Espanso ships with very few built-in matches to give you the maximum flexibility, but you can expand its capabilities in two ways: creating your own custom matches or [installing packages](#using-packages).

**[Configuration](https://espanso.org/docs/get-started/#configuration)**

Your configuration lives at `~/.config/espanso`. A quick way to find the path of your configuration folder is by using the following command `espanso path`.

- The files contained in the `match` directory define what Espanso should do. In other words, this is where you should specify all the custom snippets and actions (aka Matches). The `match/base.yml` file is where you might want to start adding your matches.
- The files contained in the `config` directory define how Espanso should perform its expansions. In other words, this is were you should specify all Espanso's parameters and options.
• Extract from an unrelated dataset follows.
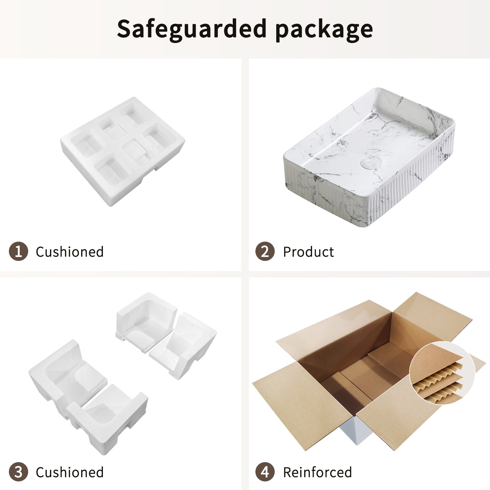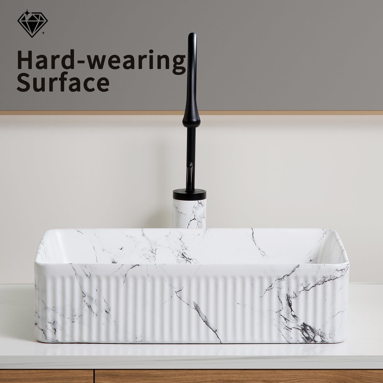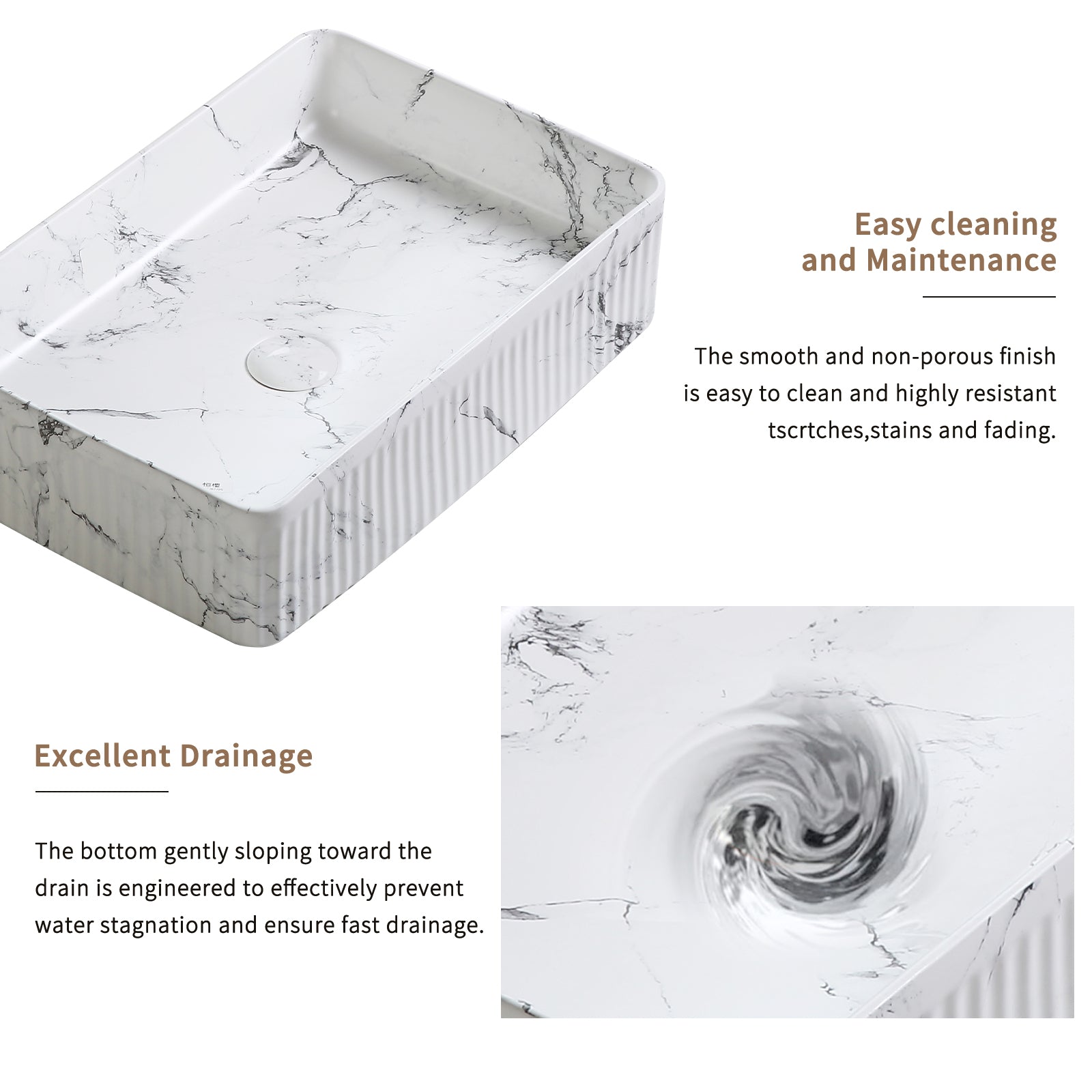 - 【Maple Ceramic Sink】sink size: 19.69 ' Length、13.39' Width 、5.12' Height; Faucet and drain are included,The ceramic basin is fired at temperatures above 1280°C, resulting in a smooth, bubble-free surface that resists dirt. Paired with a uniquely designed marble-pattern faucet, it ensures even water flow with an aerator for a gentle stream. Together, they create a stylish and harmonious look
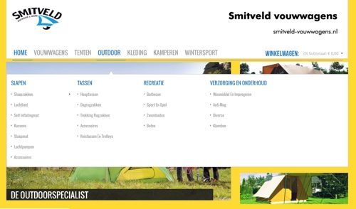 Update: Smitveld stopt met de outdoor en kampeerwinkels, maar zal doorgaan met de productie en verkoop van de Bezoek de website op smitveld-vouwwagens.nl. Alternatieven voor kampeerartikelen zijn Kampeerwereld Hendriks en Bever.nl.

The `config/default.yml` file defines the options that will be applied to all applications by default, unless an app-specific configuration is present for the current app.

**[Using packages](https://espanso.org/docs/get-started/#understanding-packages)**

Custom matches are great, but sometimes it can be tedious to define them for every common operation, especially when you want to share them with other people.

Espanso offers an easy way to share and reuse matches with other people, packages. In fact, they are so important that Espanso includes a built-in package manager and a store, the [Espanso Hub](https://hub.espanso.org/).

**[Installing a package](https://espanso.org/docs/get-started/#installing-a-package)**

Get the id of the package from the [Espanso Hub](https://hub.espanso.org/) and then run `espanso install <<package_name>>`.

Of all the packages, I've found the next ones the most useful:

- [typofixer-en](https://hub.espanso.org/typofixer-en)
- [typofixer-es](https://hub.espanso.org/typofixer-es)
- [misspell-en-uk](https://hub.espanso.org/misspell-en-uk)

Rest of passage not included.